Drop every picture. Then return, exactly, the lines from the beginning of the listing below through the one containing "加大半封闭猫砂盆 防外溅猫厕所猫沙盆猫咪宠物用品 送猫砂铲".

* [INFORMATION SUPPLIED]
'''

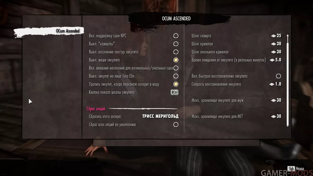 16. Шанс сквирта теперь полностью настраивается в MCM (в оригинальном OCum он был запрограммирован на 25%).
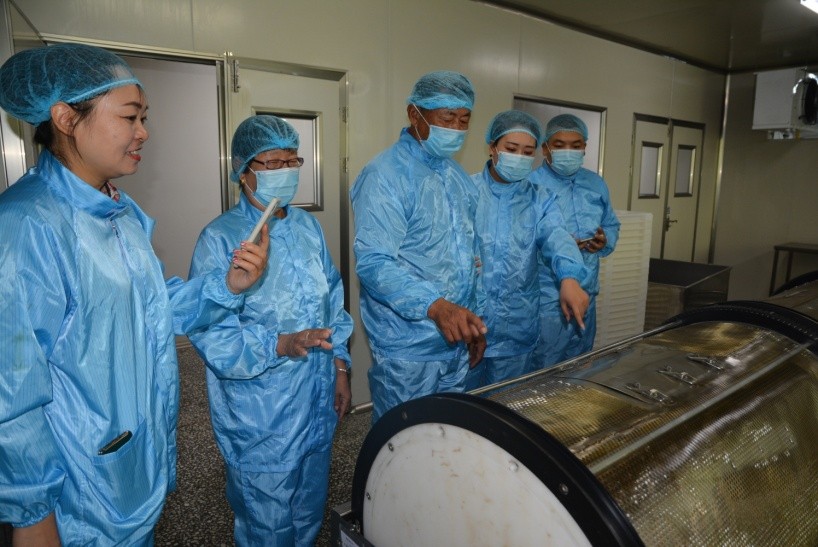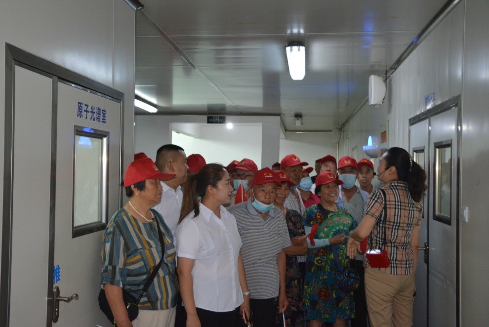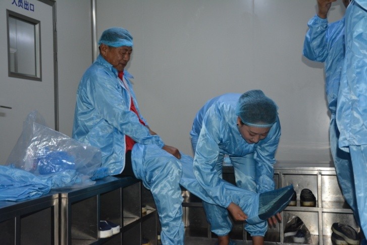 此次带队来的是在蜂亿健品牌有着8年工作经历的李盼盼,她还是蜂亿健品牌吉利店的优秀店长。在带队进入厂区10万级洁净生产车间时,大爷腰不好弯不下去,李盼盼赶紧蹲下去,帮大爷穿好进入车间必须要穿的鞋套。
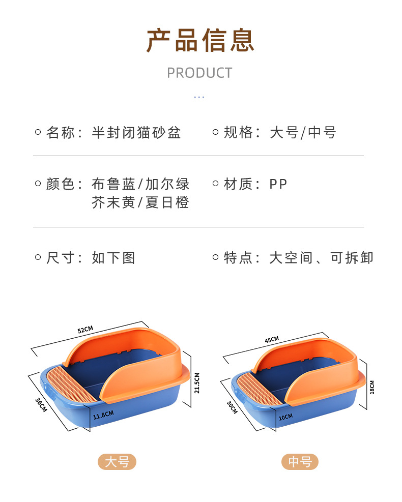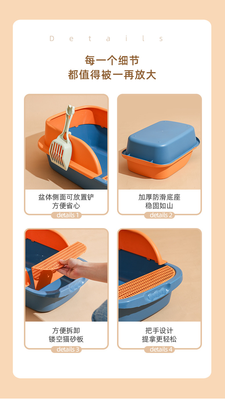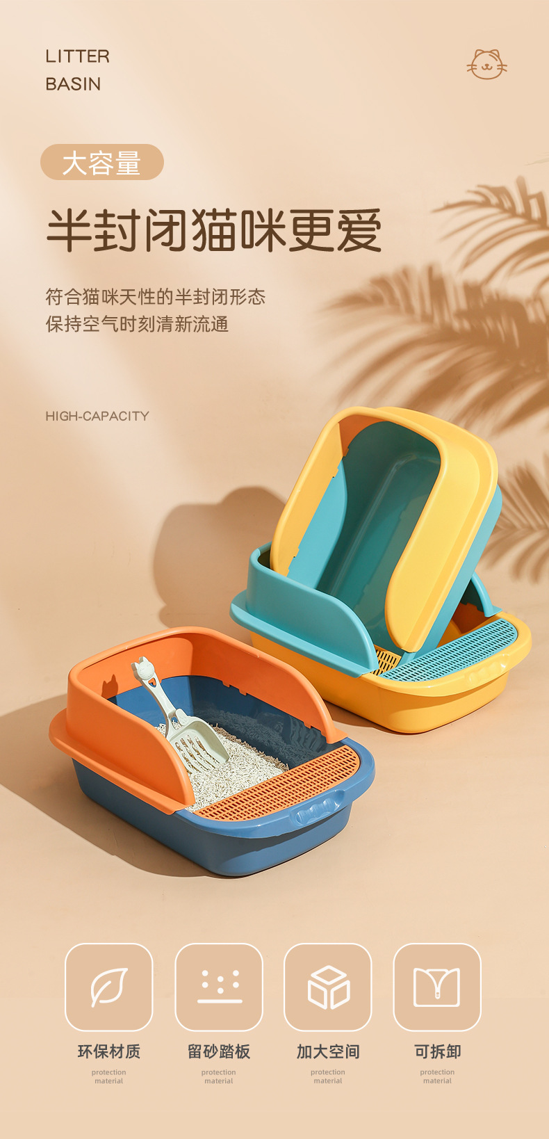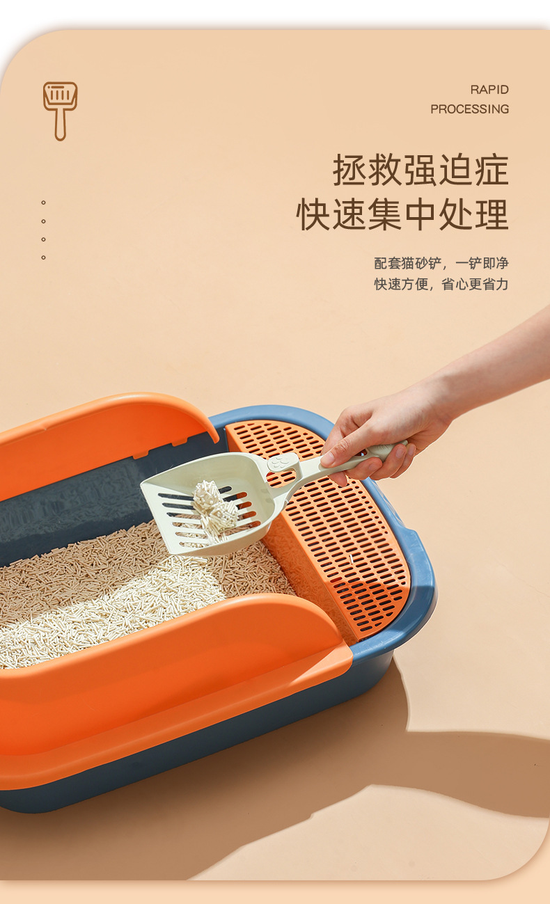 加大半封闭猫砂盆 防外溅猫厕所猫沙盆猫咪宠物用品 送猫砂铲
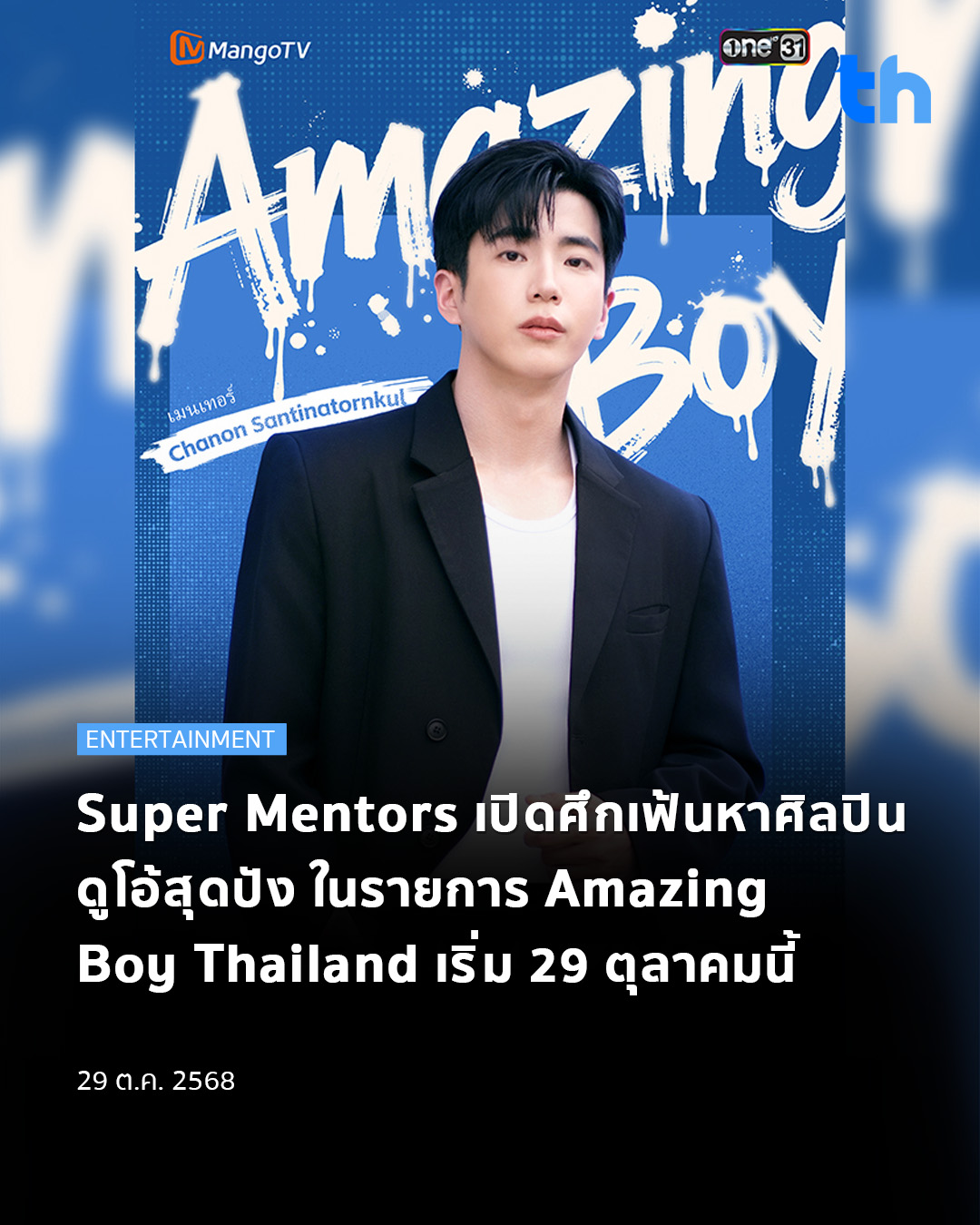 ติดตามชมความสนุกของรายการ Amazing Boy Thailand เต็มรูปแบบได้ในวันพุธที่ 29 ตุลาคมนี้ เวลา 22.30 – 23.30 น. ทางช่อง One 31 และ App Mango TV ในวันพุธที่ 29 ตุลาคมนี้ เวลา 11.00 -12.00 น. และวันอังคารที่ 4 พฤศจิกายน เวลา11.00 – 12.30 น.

'''

* [SOLVED PROBLEM]
 16. Шанс сквирта теперь полностью настраивается в MCM (в оригинальном OCum он был запрограммирован на 25%).
 此次带队来的是在蜂亿健品牌有着8年工作经历的李盼盼,她还是蜂亿健品牌吉利店的优秀店长。在带队进入厂区10万级洁净生产车间时,大爷腰不好弯不下去,李盼盼赶紧蹲下去,帮大爷穿好进入车间必须要穿的鞋套。
 加大半封闭猫砂盆 防外溅猫厕所猫沙盆猫咪宠物用品 送猫砂铲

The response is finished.